* **DATASET EXTRACT**
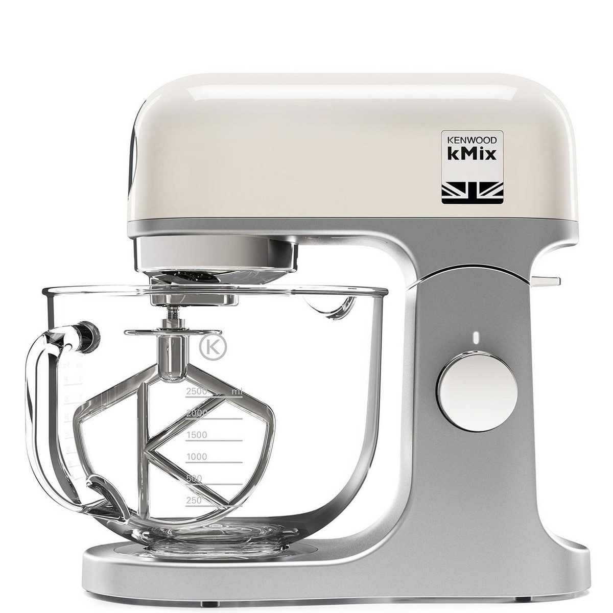This stand mixer comes with three different attachable tool heads: the classic and versatile Kenwood K beater, a balloon whisk header to aerate your mixtures, and a dough hook tool for bread dough. With a sensitive dial control and a powerful 1000W motor, you have full and precise control over your mixing, adjusting the speed precisely as you go along, which you can judge easily thanks to the transparent glass mixing bowl.
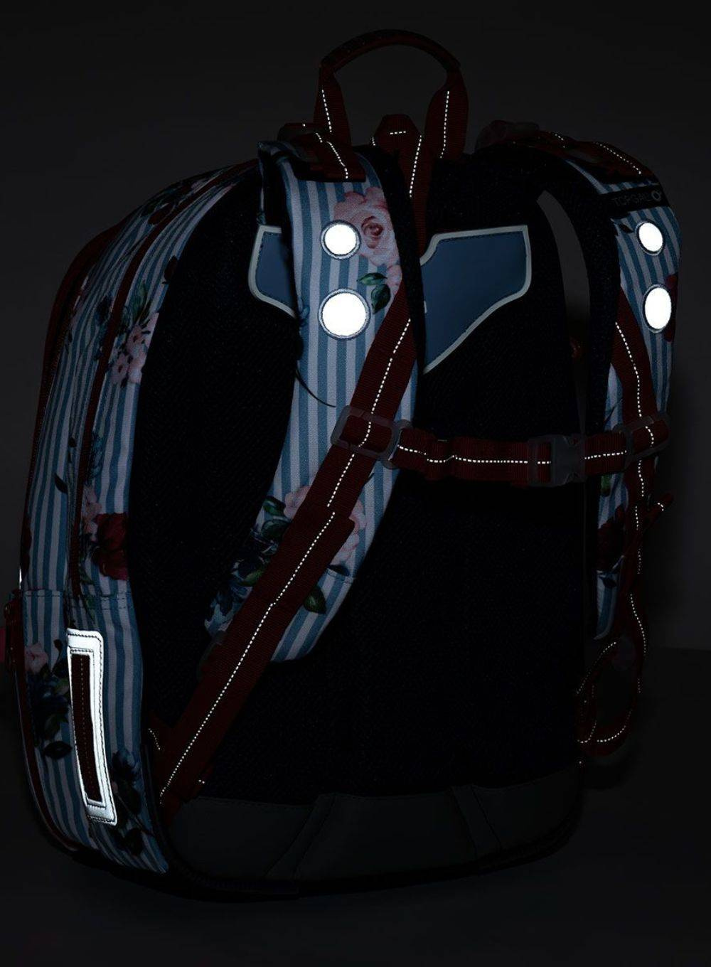 W plecaku jest specjalne miejsce na butelkę / bidon - to zewnętrzna kieszeń z boku, ukryta za zamkiem. Plecak MIRA posiada duże elementy odblaskowe, które zwiększają bezpieczeństwo i widoczność dziecka na drodze. Są to szare pola z przodu, z boków i na szelkach plecaka.
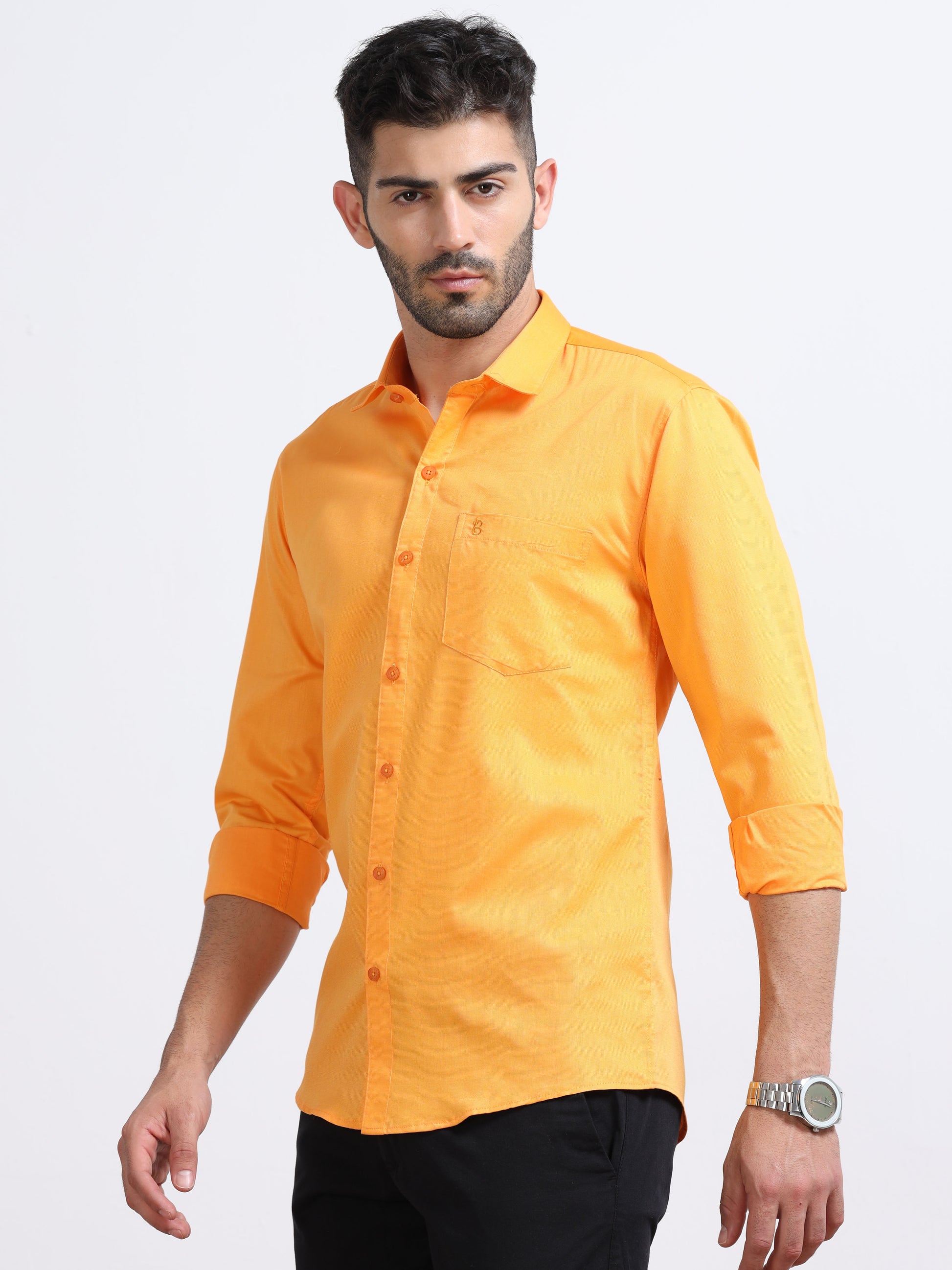 Mustard Yellow Men's Cotton Plain Casual Shirt - Premium Comfort Fit

* **TO DO**
Except for the pictures, return every line of the material exactly.

* **ANSWER SPACE**
This stand mixer comes with three different attachable tool heads: the classic and versatile Kenwood K beater, a balloon whisk header to aerate your mixtures, and a dough hook tool for bread dough. With a sensitive dial control and a powerful 1000W motor, you have full and precise control over your mixing, adjusting the speed precisely as you go along, which you can judge easily thanks to the transparent glass mixing bowl.
 W plecaku jest specjalne miejsce na butelkę / bidon - to zewnętrzna kieszeń z boku, ukryta za zamkiem. Plecak MIRA posiada duże elementy odblaskowe, które zwiększają bezpieczeństwo i widoczność dziecka na drodze. Są to szare pola z przodu, z boków i na szelkach plecaka.
 Mustard Yellow Men's Cotton Plain Casual Shirt - Premium Comfort Fit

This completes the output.